What is expected:
Scan the records for "President". Report each line that includes it.

Records for the exercise:
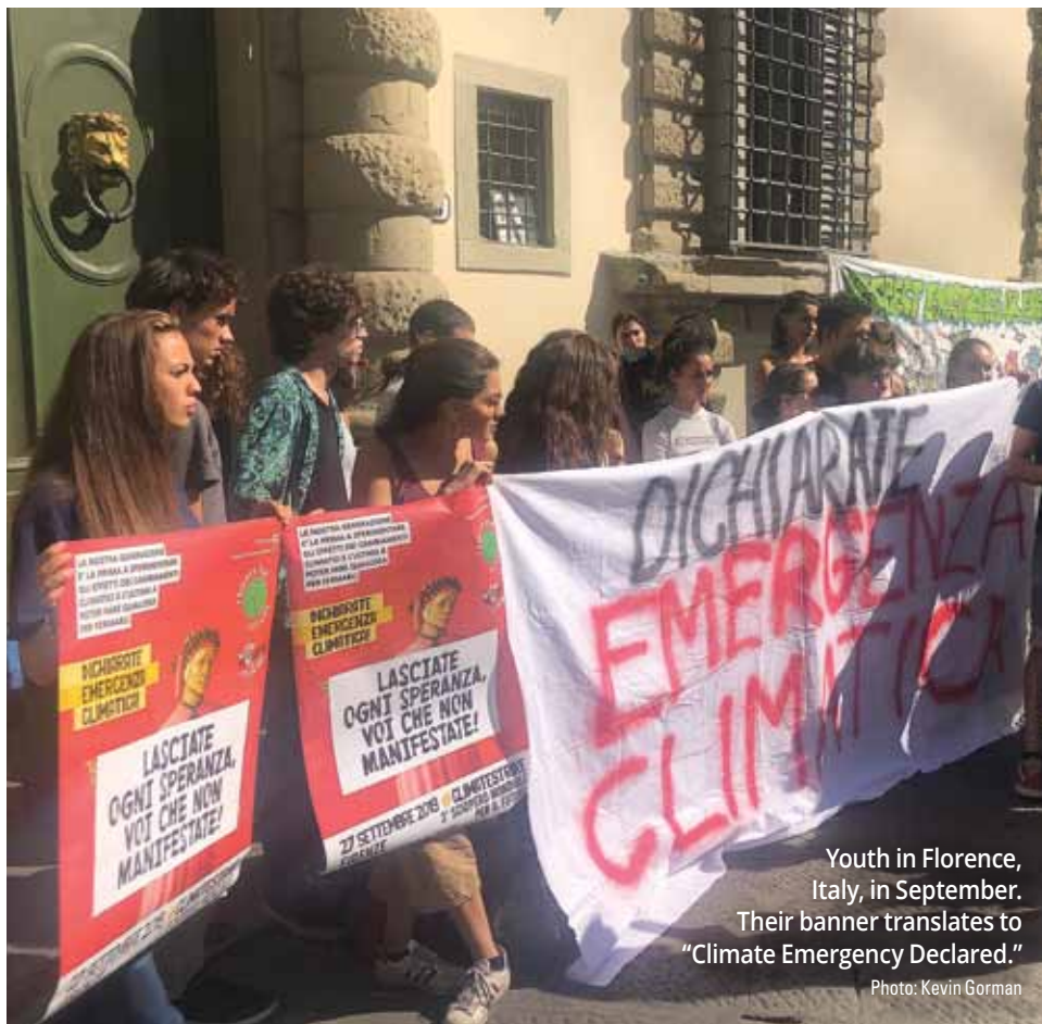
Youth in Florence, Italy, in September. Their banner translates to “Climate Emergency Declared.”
==
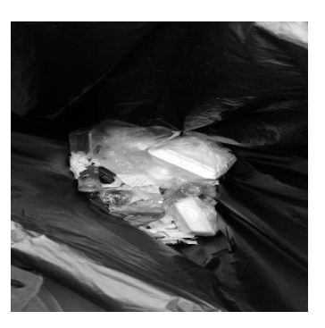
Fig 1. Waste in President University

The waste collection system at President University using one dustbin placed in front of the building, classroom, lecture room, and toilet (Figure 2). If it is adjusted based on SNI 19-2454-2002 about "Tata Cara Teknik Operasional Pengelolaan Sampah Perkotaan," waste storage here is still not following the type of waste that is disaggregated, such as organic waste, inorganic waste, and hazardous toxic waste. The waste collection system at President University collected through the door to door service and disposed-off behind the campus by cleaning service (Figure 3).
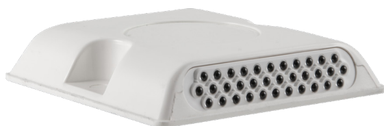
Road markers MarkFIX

Answer to this task:
Fig 1. Waste in President University
The waste collection system at President University using one dustbin placed in front of the building, classroom, lecture room, and toilet (Figure 2). If it is adjusted based on SNI 19-2454-2002 about "Tata Cara Teknik Operasional Pengelolaan Sampah Perkotaan," waste storage here is still not following the type of waste that is disaggregated, such as organic waste, inorganic waste, and hazardous toxic waste. The waste collection system at President University collected through the door to door service and disposed-off behind the campus by cleaning service (Figure 3).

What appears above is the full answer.